Records from a collection:
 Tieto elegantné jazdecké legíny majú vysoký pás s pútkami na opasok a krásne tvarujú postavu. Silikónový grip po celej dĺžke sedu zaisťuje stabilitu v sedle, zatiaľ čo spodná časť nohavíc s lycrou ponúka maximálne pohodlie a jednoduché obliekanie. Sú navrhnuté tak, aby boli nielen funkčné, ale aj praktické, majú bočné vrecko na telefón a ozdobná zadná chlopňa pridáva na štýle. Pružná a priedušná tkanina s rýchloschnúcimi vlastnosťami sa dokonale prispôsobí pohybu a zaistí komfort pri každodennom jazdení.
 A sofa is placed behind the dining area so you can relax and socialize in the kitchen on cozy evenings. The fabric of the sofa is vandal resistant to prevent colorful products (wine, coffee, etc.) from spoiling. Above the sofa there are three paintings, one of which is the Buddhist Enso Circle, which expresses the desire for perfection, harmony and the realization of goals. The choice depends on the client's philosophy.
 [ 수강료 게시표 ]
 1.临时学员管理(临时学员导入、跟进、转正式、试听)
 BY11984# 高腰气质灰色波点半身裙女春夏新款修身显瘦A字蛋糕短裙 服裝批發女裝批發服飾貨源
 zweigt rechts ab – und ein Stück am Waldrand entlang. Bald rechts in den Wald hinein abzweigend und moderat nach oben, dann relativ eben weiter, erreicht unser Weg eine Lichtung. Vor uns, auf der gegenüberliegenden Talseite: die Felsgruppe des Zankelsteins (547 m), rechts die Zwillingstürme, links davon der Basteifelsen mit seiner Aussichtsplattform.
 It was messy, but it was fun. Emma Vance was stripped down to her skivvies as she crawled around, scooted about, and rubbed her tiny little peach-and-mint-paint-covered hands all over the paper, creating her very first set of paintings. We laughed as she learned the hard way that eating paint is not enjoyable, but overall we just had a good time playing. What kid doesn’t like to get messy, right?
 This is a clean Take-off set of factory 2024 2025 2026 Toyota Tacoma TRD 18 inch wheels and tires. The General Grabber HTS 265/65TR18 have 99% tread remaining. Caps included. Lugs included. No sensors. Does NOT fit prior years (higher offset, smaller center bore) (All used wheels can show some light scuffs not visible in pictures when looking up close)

## BRIEF
Every entry is to be transcribed exactly as it stands.

## ANSWER TO THE PROBLEM
 Tieto elegantné jazdecké legíny majú vysoký pás s pútkami na opasok a krásne tvarujú postavu. Silikónový grip po celej dĺžke sedu zaisťuje stabilitu v sedle, zatiaľ čo spodná časť nohavíc s lycrou ponúka maximálne pohodlie a jednoduché obliekanie. Sú navrhnuté tak, aby boli nielen funkčné, ale aj praktické, majú bočné vrecko na telefón a ozdobná zadná chlopňa pridáva na štýle. Pružná a priedušná tkanina s rýchloschnúcimi vlastnosťami sa dokonale prispôsobí pohybu a zaistí komfort pri každodennom jazdení.
 A sofa is placed behind the dining area so you can relax and socialize in the kitchen on cozy evenings. The fabric of the sofa is vandal resistant to prevent colorful products (wine, coffee, etc.) from spoiling. Above the sofa there are three paintings, one of which is the Buddhist Enso Circle, which expresses the desire for perfection, harmony and the realization of goals. The choice depends on the client's philosophy.
 [ 수강료 게시표 ]
 1.临时学员管理(临时学员导入、跟进、转正式、试听)
 BY11984# 高腰气质灰色波点半身裙女春夏新款修身显瘦A字蛋糕短裙 服裝批發女裝批發服飾貨源
 zweigt rechts ab – und ein Stück am Waldrand entlang. Bald rechts in den Wald hinein abzweigend und moderat nach oben, dann relativ eben weiter, erreicht unser Weg eine Lichtung. Vor uns, auf der gegenüberliegenden Talseite: die Felsgruppe des Zankelsteins (547 m), rechts die Zwillingstürme, links davon der Basteifelsen mit seiner Aussichtsplattform.
 It was messy, but it was fun. Emma Vance was stripped down to her skivvies as she crawled around, scooted about, and rubbed her tiny little peach-and-mint-paint-covered hands all over the paper, creating her very first set of paintings. We laughed as she learned the hard way that eating paint is not enjoyable, but overall we just had a good time playing. What kid doesn’t like to get messy, right?
 This is a clean Take-off set of factory 2024 2025 2026 Toyota Tacoma TRD 18 inch wheels and tires. The General Grabber HTS 265/65TR18 have 99% tread remaining. Caps included. Lugs included. No sensors. Does NOT fit prior years (higher offset, smaller center bore) (All used wheels can show some light scuffs not visible in pictures when looking up close)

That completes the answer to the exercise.